Required work: Output the listing exactly, leaving nothing out.

--------------------------------------------------

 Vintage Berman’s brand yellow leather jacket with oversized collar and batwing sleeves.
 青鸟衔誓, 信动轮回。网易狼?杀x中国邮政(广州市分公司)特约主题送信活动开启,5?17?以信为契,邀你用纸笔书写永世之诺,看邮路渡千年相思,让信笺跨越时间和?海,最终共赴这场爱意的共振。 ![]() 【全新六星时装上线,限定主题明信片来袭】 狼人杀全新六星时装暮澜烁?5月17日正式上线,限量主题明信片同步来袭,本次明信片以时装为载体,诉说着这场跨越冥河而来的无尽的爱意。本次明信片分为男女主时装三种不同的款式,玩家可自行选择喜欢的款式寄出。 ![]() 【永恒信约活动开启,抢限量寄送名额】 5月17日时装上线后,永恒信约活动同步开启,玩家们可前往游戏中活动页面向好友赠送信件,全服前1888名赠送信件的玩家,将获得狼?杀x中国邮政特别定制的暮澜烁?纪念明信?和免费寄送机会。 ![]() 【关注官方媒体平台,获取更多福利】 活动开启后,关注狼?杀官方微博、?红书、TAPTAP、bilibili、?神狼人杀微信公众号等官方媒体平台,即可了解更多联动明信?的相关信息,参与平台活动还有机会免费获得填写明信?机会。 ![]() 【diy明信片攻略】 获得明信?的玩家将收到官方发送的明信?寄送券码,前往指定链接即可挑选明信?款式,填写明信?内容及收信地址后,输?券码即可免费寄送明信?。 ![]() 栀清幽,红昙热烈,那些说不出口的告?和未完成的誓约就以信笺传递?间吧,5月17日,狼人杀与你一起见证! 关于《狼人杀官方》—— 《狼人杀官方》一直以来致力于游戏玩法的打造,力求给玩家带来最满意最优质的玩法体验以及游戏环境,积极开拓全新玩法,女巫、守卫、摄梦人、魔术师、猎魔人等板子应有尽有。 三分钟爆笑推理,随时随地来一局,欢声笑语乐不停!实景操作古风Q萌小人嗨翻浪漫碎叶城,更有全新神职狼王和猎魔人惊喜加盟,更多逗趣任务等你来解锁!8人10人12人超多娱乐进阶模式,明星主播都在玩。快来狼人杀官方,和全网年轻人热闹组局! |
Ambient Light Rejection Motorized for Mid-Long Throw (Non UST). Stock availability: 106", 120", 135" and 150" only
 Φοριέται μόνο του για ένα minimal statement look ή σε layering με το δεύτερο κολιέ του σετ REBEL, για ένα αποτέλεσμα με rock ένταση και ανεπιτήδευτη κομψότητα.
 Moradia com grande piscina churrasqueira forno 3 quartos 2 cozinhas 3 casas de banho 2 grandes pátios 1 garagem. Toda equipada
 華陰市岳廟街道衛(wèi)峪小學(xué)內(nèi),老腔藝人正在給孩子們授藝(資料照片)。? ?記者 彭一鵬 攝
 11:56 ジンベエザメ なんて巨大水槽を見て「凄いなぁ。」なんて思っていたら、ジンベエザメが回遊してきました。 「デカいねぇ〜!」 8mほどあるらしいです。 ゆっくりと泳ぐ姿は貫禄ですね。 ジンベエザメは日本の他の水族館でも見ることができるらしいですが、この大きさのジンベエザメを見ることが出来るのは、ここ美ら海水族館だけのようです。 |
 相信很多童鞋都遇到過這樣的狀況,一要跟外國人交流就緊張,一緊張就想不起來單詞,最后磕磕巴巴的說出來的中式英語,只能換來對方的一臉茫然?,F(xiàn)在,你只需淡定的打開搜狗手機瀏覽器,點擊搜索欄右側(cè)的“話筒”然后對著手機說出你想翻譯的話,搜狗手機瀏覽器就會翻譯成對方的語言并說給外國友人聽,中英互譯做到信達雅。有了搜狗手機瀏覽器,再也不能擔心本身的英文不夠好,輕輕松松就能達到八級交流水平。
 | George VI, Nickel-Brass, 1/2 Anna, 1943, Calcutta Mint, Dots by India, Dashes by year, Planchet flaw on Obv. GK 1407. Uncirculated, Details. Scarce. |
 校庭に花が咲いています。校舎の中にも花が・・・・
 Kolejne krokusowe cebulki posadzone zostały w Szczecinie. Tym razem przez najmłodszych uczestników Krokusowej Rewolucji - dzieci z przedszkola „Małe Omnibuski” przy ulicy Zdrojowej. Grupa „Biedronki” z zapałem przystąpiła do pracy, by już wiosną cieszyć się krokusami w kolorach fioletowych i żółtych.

--------------------------------------------------

Task answer:
 Vintage Berman’s brand yellow leather jacket with oversized collar and batwing sleeves.
 青鸟衔誓, 信动轮回。网易狼?杀x中国邮政(广州市分公司)特约主题送信活动开启,5?17?以信为契,邀你用纸笔书写永世之诺,看邮路渡千年相思,让信笺跨越时间和?海,最终共赴这场爱意的共振。 ![]() 【全新六星时装上线,限定主题明信片来袭】 狼人杀全新六星时装暮澜烁?5月17日正式上线,限量主题明信片同步来袭,本次明信片以时装为载体,诉说着这场跨越冥河而来的无尽的爱意。本次明信片分为男女主时装三种不同的款式,玩家可自行选择喜欢的款式寄出。 ![]() 【永恒信约活动开启,抢限量寄送名额】 5月17日时装上线后,永恒信约活动同步开启,玩家们可前往游戏中活动页面向好友赠送信件,全服前1888名赠送信件的玩家,将获得狼?杀x中国邮政特别定制的暮澜烁?纪念明信?和免费寄送机会。 ![]() 【关注官方媒体平台,获取更多福利】 活动开启后,关注狼?杀官方微博、?红书、TAPTAP、bilibili、?神狼人杀微信公众号等官方媒体平台,即可了解更多联动明信?的相关信息,参与平台活动还有机会免费获得填写明信?机会。 ![]() 【diy明信片攻略】 获得明信?的玩家将收到官方发送的明信?寄送券码,前往指定链接即可挑选明信?款式,填写明信?内容及收信地址后,输?券码即可免费寄送明信?。 ![]() 栀清幽,红昙热烈,那些说不出口的告?和未完成的誓约就以信笺传递?间吧,5月17日,狼人杀与你一起见证! 关于《狼人杀官方》—— 《狼人杀官方》一直以来致力于游戏玩法的打造,力求给玩家带来最满意最优质的玩法体验以及游戏环境,积极开拓全新玩法,女巫、守卫、摄梦人、魔术师、猎魔人等板子应有尽有。 三分钟爆笑推理,随时随地来一局,欢声笑语乐不停!实景操作古风Q萌小人嗨翻浪漫碎叶城,更有全新神职狼王和猎魔人惊喜加盟,更多逗趣任务等你来解锁!8人10人12人超多娱乐进阶模式,明星主播都在玩。快来狼人杀官方,和全网年轻人热闹组局! |
Ambient Light Rejection Motorized for Mid-Long Throw (Non UST). Stock availability: 106", 120", 135" and 150" only
 Φοριέται μόνο του για ένα minimal statement look ή σε layering με το δεύτερο κολιέ του σετ REBEL, για ένα αποτέλεσμα με rock ένταση και ανεπιτήδευτη κομψότητα.
 Moradia com grande piscina churrasqueira forno 3 quartos 2 cozinhas 3 casas de banho 2 grandes pátios 1 garagem. Toda equipada
 華陰市岳廟街道衛(wèi)峪小學(xué)內(nèi),老腔藝人正在給孩子們授藝(資料照片)。? ?記者 彭一鵬 攝
 11:56 ジンベエザメ なんて巨大水槽を見て「凄いなぁ。」なんて思っていたら、ジンベエザメが回遊してきました。 「デカいねぇ〜!」 8mほどあるらしいです。 ゆっくりと泳ぐ姿は貫禄ですね。 ジンベエザメは日本の他の水族館でも見ることができるらしいですが、この大きさのジンベエザメを見ることが出来るのは、ここ美ら海水族館だけのようです。 |
 相信很多童鞋都遇到過這樣的狀況,一要跟外國人交流就緊張,一緊張就想不起來單詞,最后磕磕巴巴的說出來的中式英語,只能換來對方的一臉茫然?,F(xiàn)在,你只需淡定的打開搜狗手機瀏覽器,點擊搜索欄右側(cè)的“話筒”然后對著手機說出你想翻譯的話,搜狗手機瀏覽器就會翻譯成對方的語言并說給外國友人聽,中英互譯做到信達雅。有了搜狗手機瀏覽器,再也不能擔心本身的英文不夠好,輕輕松松就能達到八級交流水平。
 | George VI, Nickel-Brass, 1/2 Anna, 1943, Calcutta Mint, Dots by India, Dashes by year, Planchet flaw on Obv. GK 1407. Uncirculated, Details. Scarce. |
 校庭に花が咲いています。校舎の中にも花が・・・・
 Kolejne krokusowe cebulki posadzone zostały w Szczecinie. Tym razem przez najmłodszych uczestników Krokusowej Rewolucji - dzieci z przedszkola „Małe Omnibuski” przy ulicy Zdrojowej. Grupa „Biedronki” z zapałem przystąpiła do pracy, by już wiosną cieszyć się krokusami w kolorach fioletowych i żółtych.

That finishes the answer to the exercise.